Brief hinter Scheibenwischer geklemmt

Der mehrseitige, handgeschriebene Brief beinhaltet die Aussage: „Ich schreibe diesen Brief, um mein Gewissen bereinigen zu können …“ Darüber hinaus beschreibt er den Unfall, gibt konkrete Hinweise zum Unfallauto und nennt sogar Namen.

Verfasser meldet sich bei der Polizei

Wie die Polizei Bochum nun in einer Pressemitteilung meldet, hat sich der Verfasser am Montag in den frühen Abendstunden bei ihr gemeldet. Es soll sich dabei um eine Frau handeln. Inzwischen fand eine Vernehmung statt.
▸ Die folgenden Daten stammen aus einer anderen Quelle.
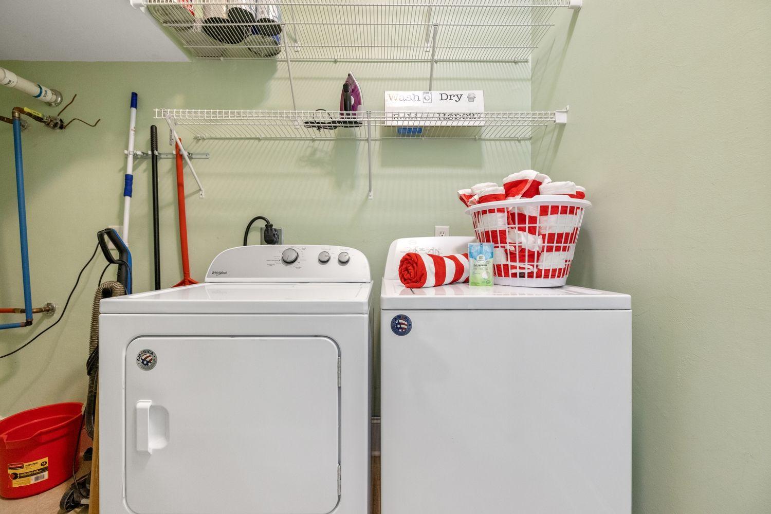Laundry Room: Washer, Dryer, Iron & Ironing Board *starter pack of laundry Soap provided.

Wann verjährt die Unfallflucht infolge eines tödlichen Unfalls?

Entscheidende Frage für eine mögliche Bestrafung ist nun, ob in dem Fall tatsächlich Verjährung eingetreten ist. Das lässt sich nur bei Kenntnis der konkreten Umstände beantworten. Zum einen kommt es auf die im Raum stehenden Straftaten an. Zum anderen kann die Verjährung unterbrochen worden sein oder geruht haben. Bei einer Unterbrechung beginnt die Verjährungsfrist von Neuem voll zu laufen. Grund dafür kann eine erste Vernehmung des Beschuldigten sein. Bei einem Ruhen läuft die Verjährung nur vorübergehend nicht weiter – sie legt sozusagen eine Pause ein. Das ist beispielsweise der Fall, wenn ein Täter sich im Ausland aufhält und dem jeweiligen Land ein Auslieferungsersuchen zugegangen ist.
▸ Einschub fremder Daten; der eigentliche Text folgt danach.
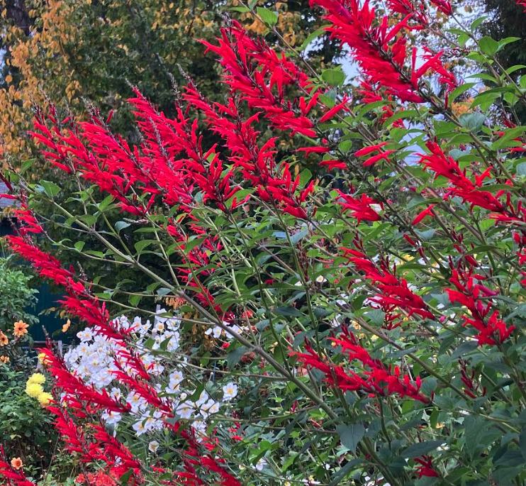 Pineapple sage (salvia elegans) is a perennial (in Oregon) and part of the mint family. It doesn’t start blooming in my garden until mid September. Then it kind of loses its mind with these spikes of brilliant red. The neighborhood hummingbirds love it.

Fahrlässige Tötung und Unfallflucht unterliegen gleicher Verjährungsfrist

Mit Blick auf das Geschehen stehen in solchen Fällen, in denen jemand infolge des Unfalls gestorben ist, regelmäßig zwei Taten im Vordergrund: die fahrlässige Tötung und die anschließende Unfallflucht. Die Unfallflucht sieht die Rechtsprechung dabei als eigene Tat. Sie geht davon aus, dass jemand erst infolge des Unfalls beschließt, zu flüchten.

Jede Tat unterliegt dabei grundsätzlich ihrer eigenen Verjährung. Nach wie vielen Jahren eine Straftat verjährt, hängt vom Höchstmaß der dafür angedrohten Freiheitsstrafe ab. Das Strafgesetzbuch (StGB) sieht für die fahrlässige Tötung bis zu fünf Jahre Freiheitsstrafe vor (§ 222 StGB). Für die Unfallflucht drohen bis zu drei Jahre Freiheitsstrafe (§ 142 StGB). Da sich das Höchstmaß beider Straftaten somit zwischen einem Jahr und fünf Jahren bewegt, sieht das Strafgesetz eine Verjährungsfrist von fünf Jahren vor (§ 78 StGB).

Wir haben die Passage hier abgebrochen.